MATERIAL PROVIDED
______

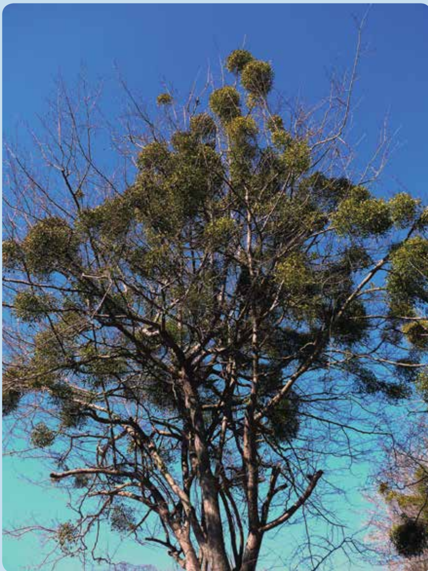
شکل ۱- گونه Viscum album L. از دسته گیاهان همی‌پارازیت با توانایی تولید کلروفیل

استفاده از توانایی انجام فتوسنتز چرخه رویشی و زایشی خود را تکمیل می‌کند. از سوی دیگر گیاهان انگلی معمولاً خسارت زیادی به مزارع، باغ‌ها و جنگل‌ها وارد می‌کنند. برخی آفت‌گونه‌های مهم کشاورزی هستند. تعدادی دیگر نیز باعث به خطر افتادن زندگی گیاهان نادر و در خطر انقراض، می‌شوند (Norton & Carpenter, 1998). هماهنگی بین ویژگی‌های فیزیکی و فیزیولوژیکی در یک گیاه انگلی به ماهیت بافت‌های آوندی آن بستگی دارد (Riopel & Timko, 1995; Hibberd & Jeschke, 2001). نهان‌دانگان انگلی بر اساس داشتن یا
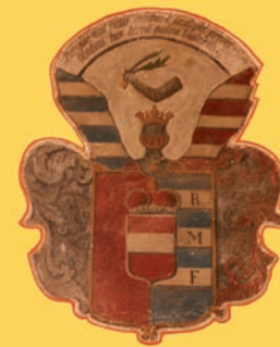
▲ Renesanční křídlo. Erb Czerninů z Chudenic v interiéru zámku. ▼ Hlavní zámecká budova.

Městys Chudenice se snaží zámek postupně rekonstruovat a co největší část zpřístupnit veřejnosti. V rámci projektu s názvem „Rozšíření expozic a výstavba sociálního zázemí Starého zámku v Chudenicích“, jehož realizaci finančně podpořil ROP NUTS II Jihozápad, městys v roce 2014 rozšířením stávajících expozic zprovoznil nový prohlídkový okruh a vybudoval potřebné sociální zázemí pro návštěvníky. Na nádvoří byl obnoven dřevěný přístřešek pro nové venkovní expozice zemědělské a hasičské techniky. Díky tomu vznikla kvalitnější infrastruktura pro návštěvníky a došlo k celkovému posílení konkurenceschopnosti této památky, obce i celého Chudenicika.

______

WORK TO COMPLETE
Copy whichever lines above contain the string "گیاهان".

FINISHED EXERCISE
شکل ۱- گونه Viscum album L. از دسته گیاهان همی‌پارازیت با توانایی تولید کلروفیل
استفاده از توانایی انجام فتوسنتز چرخه رویشی و زایشی خود را تکمیل می‌کند. از سوی دیگر گیاهان انگلی معمولاً خسارت زیادی به مزارع، باغ‌ها و جنگل‌ها وارد می‌کنند. برخی آفت‌گونه‌های مهم کشاورزی هستند. تعدادی دیگر نیز باعث به خطر افتادن زندگی گیاهان نادر و در خطر انقراض، می‌شوند (Norton & Carpenter, 1998). هماهنگی بین ویژگی‌های فیزیکی و فیزیولوژیکی در یک گیاه انگلی به ماهیت بافت‌های آوندی آن بستگی دارد (Riopel & Timko, 1995; Hibberd & Jeschke, 2001). نهان‌دانگان انگلی بر اساس داشتن یا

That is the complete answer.